### [Exercise details]
Every line from the one holding "Заборы из евроштакетника" through the last line of the records must be retyped exactly, and no other line or picture may appear in the copy.

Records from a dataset
==========

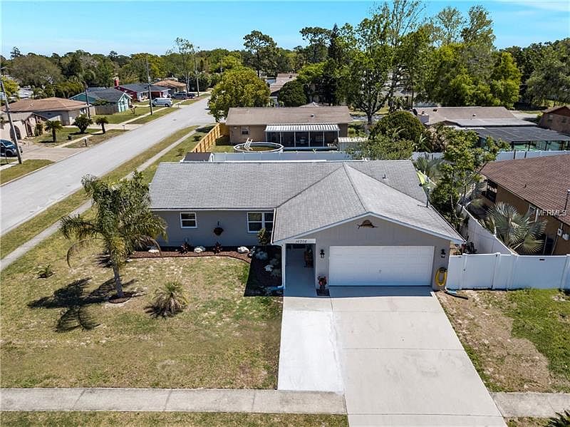 MOVE-IN READY and remodeled, this 3 bedroom, 2 bathroom, 2 car garage home sits on a nice sized corner lot with new vinyl fence to add privacy to your back and side yard. Bathrooms are stunning with their updated vanities and sinks, and gorgeous tiles. Your large open kitchen is remodeled with upgraded cabinets, countertops and backsplash to match, and new stainless steel appliances. Beautiful flooring throughout adds to the feel of the home. Large window over your kitchen sink allows you to look over your private backyard. Enjoy Floridan evenings on your covered, screened back patio. Let the pets out in this beautifully fenced backyard. Extra large parking area and adorable front entry give charm to this updated home with modern finishes. Your open floor plan also has a dinning area and large breakfast island/bar. Split floor plan offer privacy to the master bedroom and updated master bathroom. Master closet is a nice walk-in closet. Home is light and bright and inviting. The open floor plan allows for a lot of space for entertaining and enjoying your family and friends while you're in the kitchen/living room. Vinyl fence has double panel gates, so you have easy access to your backyard for your toys. Great location close to 19, close to Hudson Beach and Sam's Beach Bar (watch the sunsets every night), restaurants, and shopping.
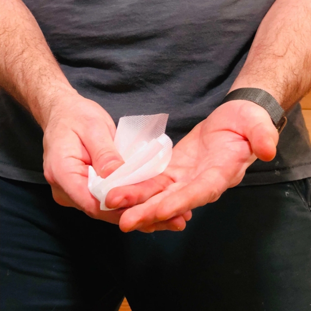 Fjern låget og folieforseglingen, før servietterne gennem krydset i låget og sæt det på igen. Riv servietterne af ved perforeringen, og brug dem straks, mens de er fugtige. Luk altid beholderen tæt efter brug for at forhindre udtørring. Opbevares køligt og tørt mellem +5 og 25 °C væk fra sol og antændelseskilder.
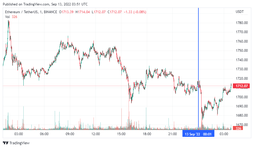 Вторая по капитализации криптовалюта Ethereum также начала день с небольшого падения. По состоянию на момент написания обзора, монета торгуется по $1712 (1 токен в рублях – ₽103,950).
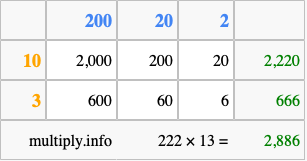 Below is an illustration showing you how to calculate 222 times 13 using the box method, using the instructions above.
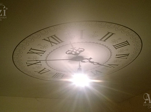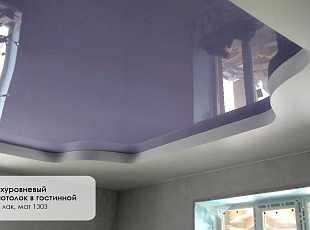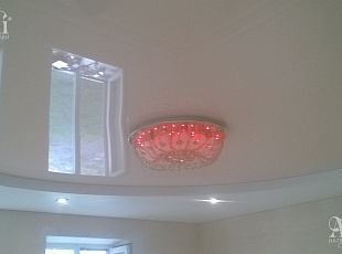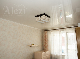 Глянцевый потолок в спальне 14 кв.м с установкой
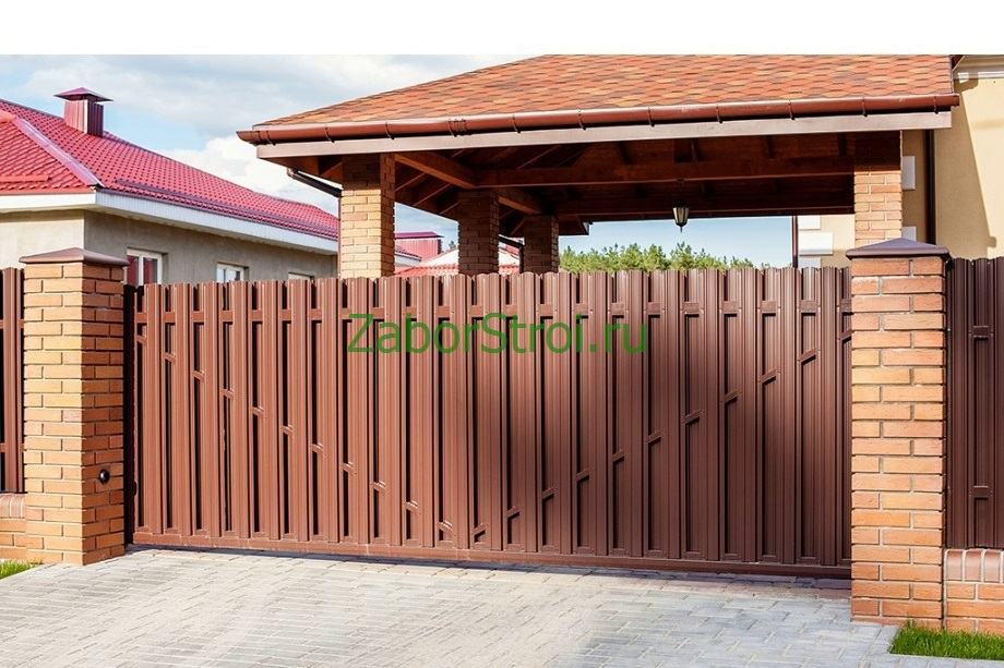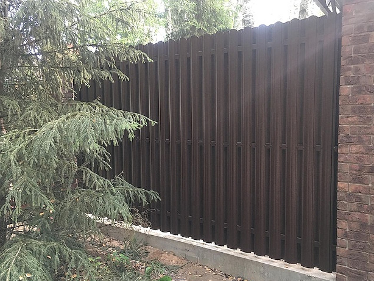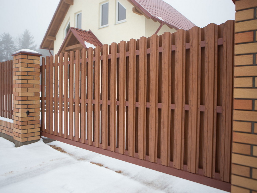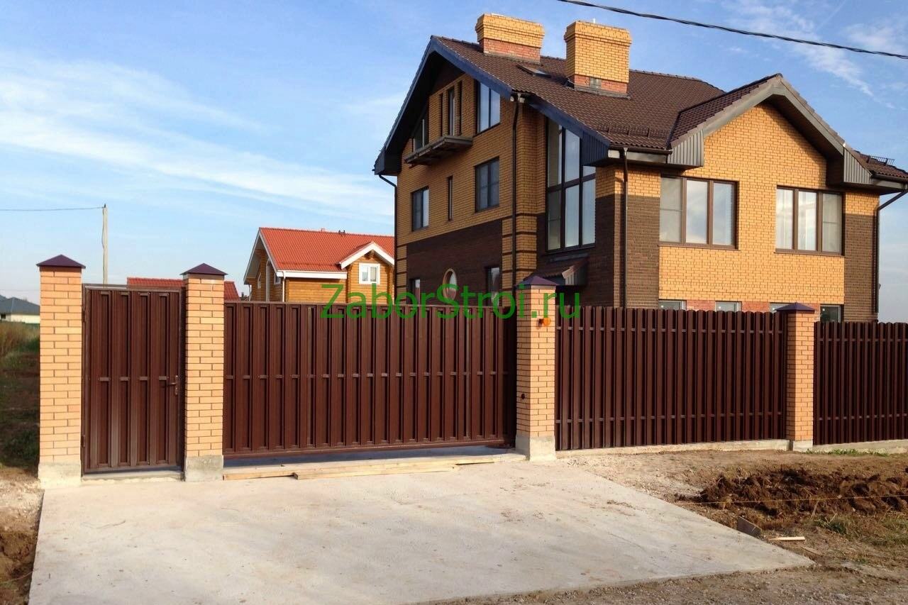 Заборы из евроштакетника с кирпичными столбами пример 9
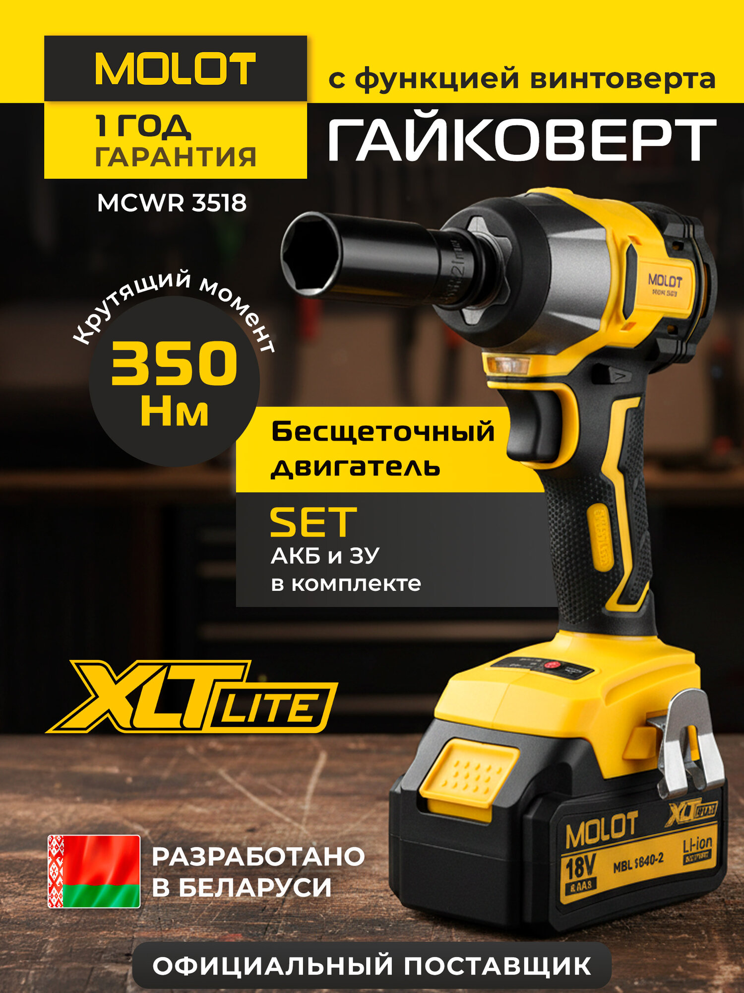 Купить Гайковерт аккумуляторный ударный MOLOT MCWR 3518 XLT Lite SET бесщеточный, с функцией винтоверта с доставкой по всей России. Гайковерт аккумуляторный ударный MOLOT MCWR 3518 XLT Lite SET бесщеточный, с функцией винтоверта: сравнение цен, характеристики, фото, актуальное наличие и цены.

==========

### [Response for this exercise]
 Заборы из евроштакетника с кирпичными столбами пример 9
 Купить Гайковерт аккумуляторный ударный MOLOT MCWR 3518 XLT Lite SET бесщеточный, с функцией винтоверта с доставкой по всей России. Гайковерт аккумуляторный ударный MOLOT MCWR 3518 XLT Lite SET бесщеточный, с функцией винтоверта: сравнение цен, характеристики, фото, актуальное наличие и цены.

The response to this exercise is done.